[Start of section]

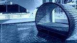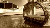 A place to relax. A bench with a soft mattress and a semicircular lattice canopy is installed on the tiled terrace. Shadows on the floor. resort. Hotel. Cuba. Varadero
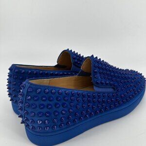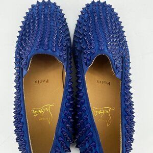 Louboutin Blue Suede Roller Boat Spiked Flats - Size 39
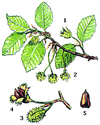 Ветка бука с женскими (1) и мужскими (2) соцветиями. Плоды с нераскрывшейся (3) и раскрытой (4) плюской, буковые орешки (5) Женские цветки закладываются на месяц позднее мужских, потому что для развития им нужен мороз. Обычно мужские цветки раскрываются на 3...4 дня раньше женских. Пыльца, образуемая в них, тяжелая, поэтому ветер, который и опыляет бук, относит ее лишь на небольшие расстояния. Любопытно отметить, что в ясную, солнечную погоду пылят цветки, выросшие в верхней части кроны, тогда как в дождливую – растущие в нижней половине. Когда, наконец, созреют и женские цветки, из них сильно высовываются наружу рыльца, покрытые липким секретом и готовые принять пыльцу. Внушительные размеры, колоннообразные стволы, диаметр которых достигает двух метров, мощные шатровидные густые кроны давно уже поразили воображение людей – бук стал воплощением и мерилом здоровья и силы. В сербской народной сказке «Медведович» медведь предлагает сыну испытать свою силу на буке: «Если вырвешь из земли этот бук – отпущу тебя странствовать по свету, а нет – придется тебе еще посидеть около меня». В Чехии молодого здорового парня нередко сравнивают с буком. Под густой сенью этих деревьев в чистых древостоях обычно нет растительности либо подлесок представлен тиссом, самшитом, боярышником... Листья бука – продолговато-эллиптические, зубчатые. Листовая поверхность одного дерева огромна: у столетнего бука высотой 25 метров она приблизительно равна 1200 квадратным метрам. Неудивительно, что бук значительно эффективнее очищает воздух от пыли и вредных газов, чем другие породы. За год гектар его насаждений задерживает 63 тонны пыли, тогда как дуб – 56, сосна – 36, ель – 32 тонны. Выведены декоративные формы бука – с шаровидной, пирамидальной и плакучей кроной, с бело-пестрыми, темно-пурпурными и рассеченными листьями. В имении И.С. Тургенева «Ясени» во Франции сохранился знаменитый плакучий бук, посаженный самим писателем перед виллой П. Виардо. В листьях бука много кальция, он любит этот химический элемент, и, если почва содержит достаточное количество кальция, ствол дерева вырастает более ровным и светлым. Стволы бука покрыты серой гладкой корой, сладкой на вкус. Об этой особенности издавна знали люди и, пользуясь ею, сочетали приятное с полезным. Так, в легендах индейцев Латинской Америки рассказывается о том, как, жуя кору, они получали много лыка и разделяли его на тонкие волокна, которыми стали сшивать куски коры в виде лодок. С тех пор индейцы, если верить легенде, так и строят свои лодки. Европейские мальчишки также осведомлены о сладости коры бука: они отделяют от ствола кусок коры и с аппетитом облизывают его внутреннюю сторону. Корневая система бука близко расположена к поверхности почвы, она не имеет ярко выраженного стержневого корня. Боковые корни уходят вертикально вниз, что характерно для так называемой якорной корневой системы. Поэтому на сыпучих почвах бук сильного ветра может не выдержать. Древесина бука белая с желтовато-красным оттенком и с красивым рисунком. Полежав какое-то время, приобретает розовато-коричневый цвет. Будучи твердой и плотной, она легко обрабатывается. В старину из нее делали ткацкие челноки. Еще древнегреческий философ, «отец ботаники» Феофраст писал в книге «Исследование о растениях», что «на горах растет белый бук, древеси
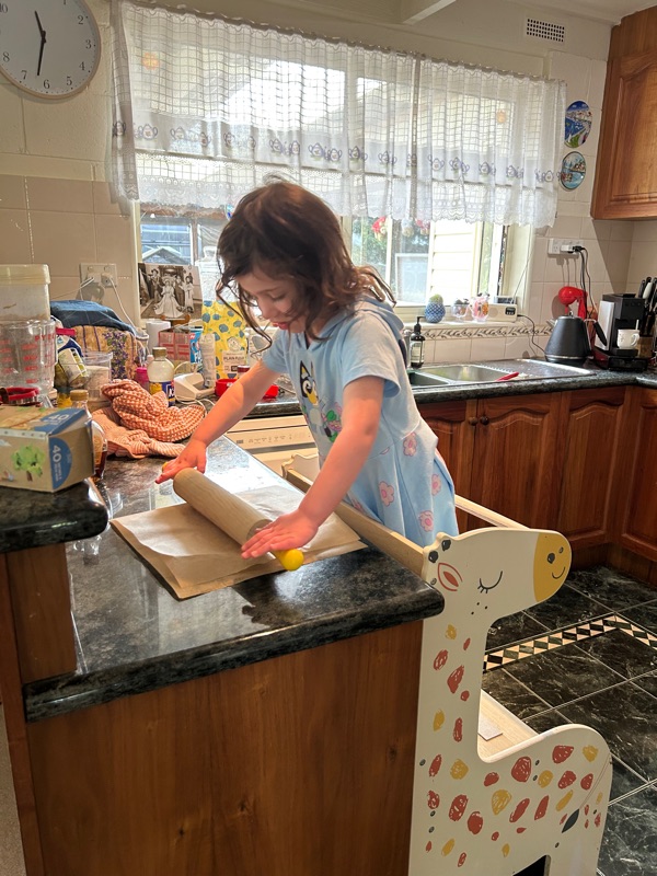 most of the finished cookies went home. Grandma didn’t have any icing sugar to decorate but her mummy said she did.

[End of section]

▶ _Your goal_
The copy must match the listing above exactly but contain no pictures.

▶ _Expected output_
 A place to relax. A bench with a soft mattress and a semicircular lattice canopy is installed on the tiled terrace. Shadows on the floor. resort. Hotel. Cuba. Varadero
 Louboutin Blue Suede Roller Boat Spiked Flats - Size 39
 Ветка бука с женскими (1) и мужскими (2) соцветиями. Плоды с нераскрывшейся (3) и раскрытой (4) плюской, буковые орешки (5) Женские цветки закладываются на месяц позднее мужских, потому что для развития им нужен мороз. Обычно мужские цветки раскрываются на 3...4 дня раньше женских. Пыльца, образуемая в них, тяжелая, поэтому ветер, который и опыляет бук, относит ее лишь на небольшие расстояния. Любопытно отметить, что в ясную, солнечную погоду пылят цветки, выросшие в верхней части кроны, тогда как в дождливую – растущие в нижней половине. Когда, наконец, созреют и женские цветки, из них сильно высовываются наружу рыльца, покрытые липким секретом и готовые принять пыльцу. Внушительные размеры, колоннообразные стволы, диаметр которых достигает двух метров, мощные шатровидные густые кроны давно уже поразили воображение людей – бук стал воплощением и мерилом здоровья и силы. В сербской народной сказке «Медведович» медведь предлагает сыну испытать свою силу на буке: «Если вырвешь из земли этот бук – отпущу тебя странствовать по свету, а нет – придется тебе еще посидеть около меня». В Чехии молодого здорового парня нередко сравнивают с буком. Под густой сенью этих деревьев в чистых древостоях обычно нет растительности либо подлесок представлен тиссом, самшитом, боярышником... Листья бука – продолговато-эллиптические, зубчатые. Листовая поверхность одного дерева огромна: у столетнего бука высотой 25 метров она приблизительно равна 1200 квадратным метрам. Неудивительно, что бук значительно эффективнее очищает воздух от пыли и вредных газов, чем другие породы. За год гектар его насаждений задерживает 63 тонны пыли, тогда как дуб – 56, сосна – 36, ель – 32 тонны. Выведены декоративные формы бука – с шаровидной, пирамидальной и плакучей кроной, с бело-пестрыми, темно-пурпурными и рассеченными листьями. В имении И.С. Тургенева «Ясени» во Франции сохранился знаменитый плакучий бук, посаженный самим писателем перед виллой П. Виардо. В листьях бука много кальция, он любит этот химический элемент, и, если почва содержит достаточное количество кальция, ствол дерева вырастает более ровным и светлым. Стволы бука покрыты серой гладкой корой, сладкой на вкус. Об этой особенности издавна знали люди и, пользуясь ею, сочетали приятное с полезным. Так, в легендах индейцев Латинской Америки рассказывается о том, как, жуя кору, они получали много лыка и разделяли его на тонкие волокна, которыми стали сшивать куски коры в виде лодок. С тех пор индейцы, если верить легенде, так и строят свои лодки. Европейские мальчишки также осведомлены о сладости коры бука: они отделяют от ствола кусок коры и с аппетитом облизывают его внутреннюю сторону. Корневая система бука близко расположена к поверхности почвы, она не имеет ярко выраженного стержневого корня. Боковые корни уходят вертикально вниз, что характерно для так называемой якорной корневой системы. Поэтому на сыпучих почвах бук сильного ветра может не выдержать. Древесина бука белая с желтовато-красным оттенком и с красивым рисунком. Полежав какое-то время, приобретает розовато-коричневый цвет. Будучи твердой и плотной, она легко обрабатывается. В старину из нее делали ткацкие челноки. Еще древнегреческий философ, «отец ботаники» Феофраст писал в книге «Исследование о растениях», что «на горах растет белый бук, древеси
 most of the finished cookies went home. Grandma didn’t have any icing sugar to decorate but her mummy said she did.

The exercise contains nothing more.